Comment 1 Pavan Vilas Sondur 2009-11-13 03:42:52 UTC
Mark, can you send us the log files and the backtrace of this crash?

Comment 2 Mark 2009-11-17 19:57:48 UTC
Created attachment 103 [details]
patch replacing the fpregset patch, fixing the described problems

Comment 3 Mark 2009-11-17 20:00:19 UTC
Created attachment 104 [details]
Slovenian XKB - experimental

Comment 4 Mark 2009-11-17 20:00:53 UTC
(In reply to comment #1)
> Mark, can you send us the log files and the backtrace of this crash?

how do I get the backtrace?

Comment 5 Pavan Vilas Sondur 2009-11-24 08:56:10 UTC
The backtrace can be got from the core file using gdb:
gdb -c <core-file> <glusterfs binary> and then a 'bt' command on the gdb prompt.

I tried reproducing this issue and was unable to crash glusterfs when it's mount point is re-exported as a Samba share. I saw your client logs and there are plenty of messages indicating a possible 'spilt brain' (files from the backend directories are modified, but not from the mount point). Was the backend accessed and files modified to result in a split brain?

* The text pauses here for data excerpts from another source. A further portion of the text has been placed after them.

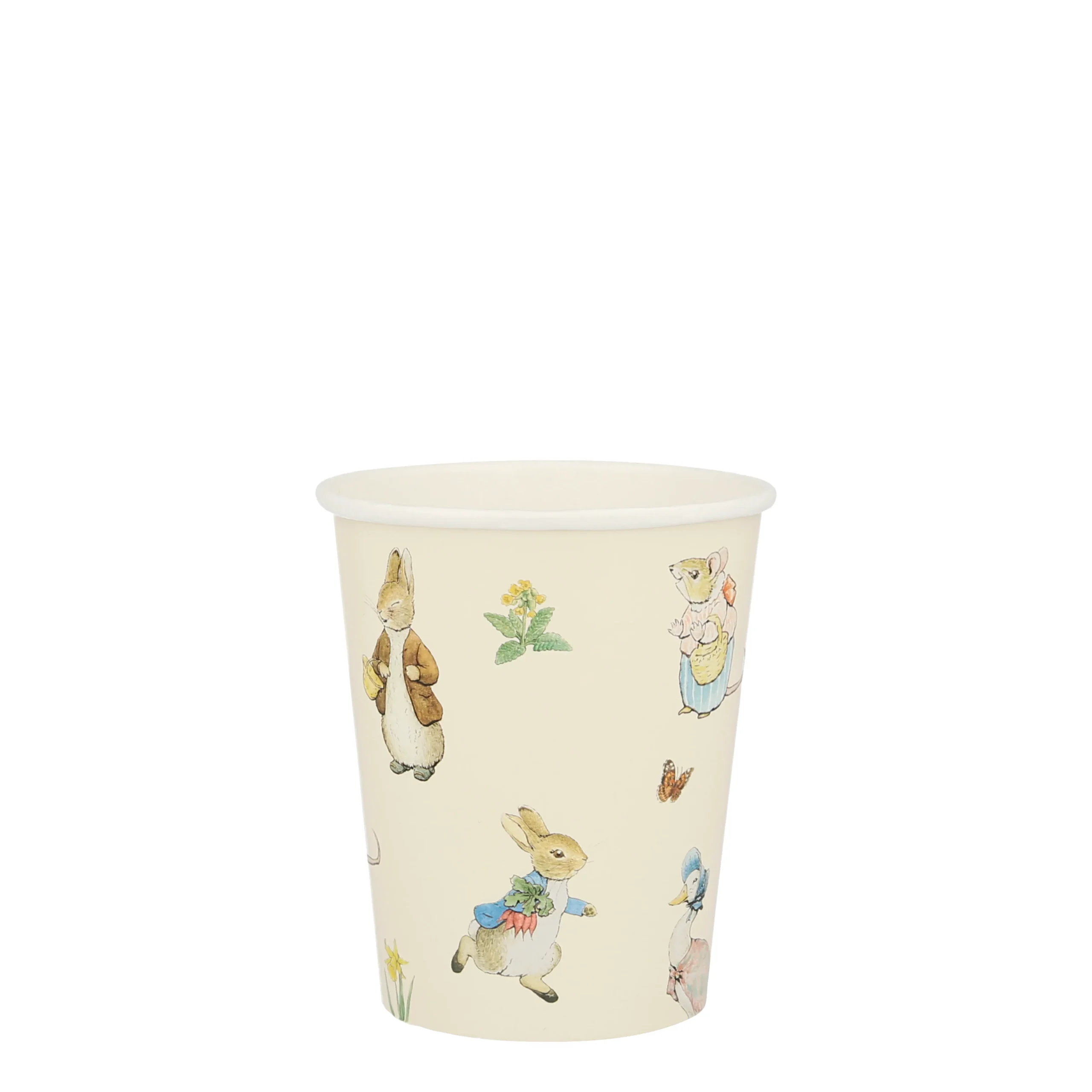 Contiene 12 vasos con los estampados de la colección Peter Rabbit.
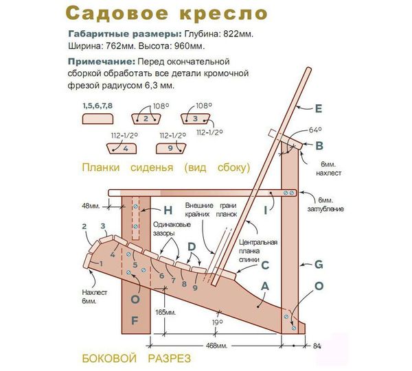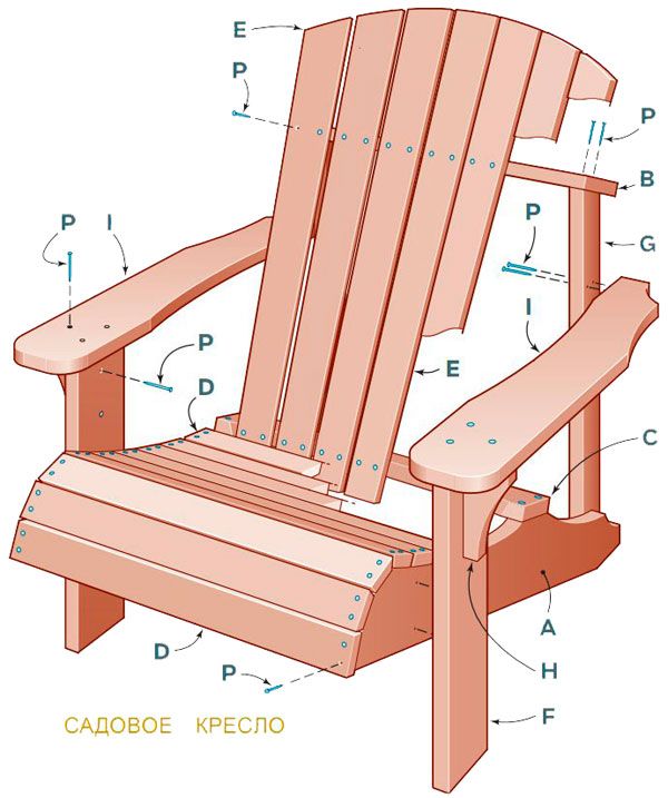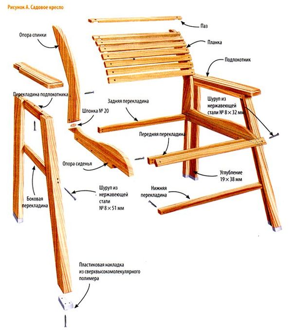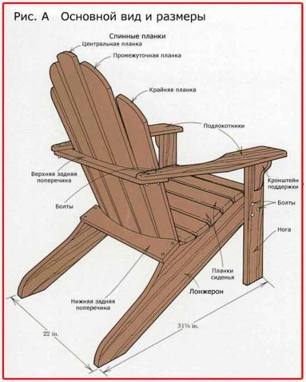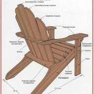 Si vous avez un dessin d'une chaise Adirondack à portée de main, vous obtiendrez un produit original avec des pieds incurvés de manière amusante. Il est important qu'ils soient légèrement plus hauts que le siège. Pour ce faire, les extrémités des matériaux doivent être raccourcies de 1,5 à 2 cm.Des instructions pas à pas pour tout modèle de chaise aideront à fixer sans erreur 8 à 10 lattes de siège, dos de produits, pieds avant et arrière. Il sera utile de faire des dessins des supports inférieurs et des accoudoirs.
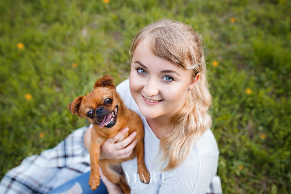 Für mich ergab sich bei diesem Shooting noch eine ganz andere Herausforderung: Zwischen den unterschiedlichsten Hunden, die ich bisher fotografiert habe, war Maja das bisher kleinste Model. In solchen Augenblicken, sehe ich meine Locations plötzlich mit ganz neuen Augen. Damit ich nicht immer platt wie eine Flunder auf dem Boden liegen muss, setzten wir Maja kurzerhand auf einen alten Baumstamm. Später stellte sich freundlicherweise noch ein Baumstumpf zur Verfügung, auf dem sie über dem blumigen Waldboden thronen durfte. Ganz nach ihrem Geschmack! Licht aus, Spot an, alle Aufmerksamkeit auf mich! Auch bei den gemeinsamen Kuschelbildern strahlten die Beiden um die Wette.
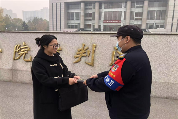 11月3日,律師李某不小心把自己的律師證丟失在了中院大門外,特保隊員付英祺撿到律師證件后,第一時間查找了李某所在律師事務(wù)所電話,并迅速聯(lián)系到了李律師。隨后,李律師匆匆來到中院,付英祺仔細(xì)核對身份信息無誤后,將律師證完好無損地交還。接過失而復(fù)得的證件,李律師連連道謝,對特保隊員認(rèn)真負(fù)責(zé)、高效務(wù)實的服務(wù)態(tài)度給予了高度贊揚。

Comment 6 Mark 2009-12-02 16:47:05 UTC
(In reply to comment #5)
> The backtrace can be got from the core file using gdb:
> gdb -c <core-file> <glusterfs binary> and then a 'bt' command on the gdb
> prompt.
> I tried reproducing this issue and was unable to crash glusterfs when it's
> mount point is re-exported as a Samba share. I saw your client logs and there
> are plenty of messages indicating a possible 'spilt brain' (files from the
> backend directories are modified, but not from the mount point). Was the
> backend accessed and files modified to result in a split brain?

Node1 Back Trace:

(gdb) bt
#0  0x00002b5c2bd2fd07 in ?? ()
#1  0x00002b5c2bd2ff69 in ?? ()
#2  0x0000000000000098 in ?? ()
#3  0x000000104ae19d5a in ?? ()
#4  0x0000000011696fb0 in ?? ()
#5  0x000000001165b550 in ?? ()
#6  0x0000000000000000 in ?? ()

Node2 Back Trace:

(gdb) bt
#0  0x00002b9f7e775d07 in ?? ()
#1  0x00002b9f7e775f69 in ?? ()
#2  0x0000000000000098 in ?? ()
#3  0x000000104ae15adc in ?? ()
#4  0x0000000012f43e20 in ?? ()
#5  0x0000000012fc0900 in ?? ()
#6  0x0000000000000000 in ?? ()

Comment 7 Pavan Vilas Sondur 2010-02-02 03:57:37 UTC
The logs show a slew of 'split brain' messages. Were there any files modified directly from the backend? I am unable to reproduce this crash, infact, glusterfs mounts being re-exported over samba has been well tested. Can we have remote access to the core if possible, since the backtrace provided is not much use.

Comment 8 Pavan Vilas Sondur 2010-02-16 08:43:42 UTC
Closing this bug due to lack of sufficient data. Please re-open this bug if it surfaces again.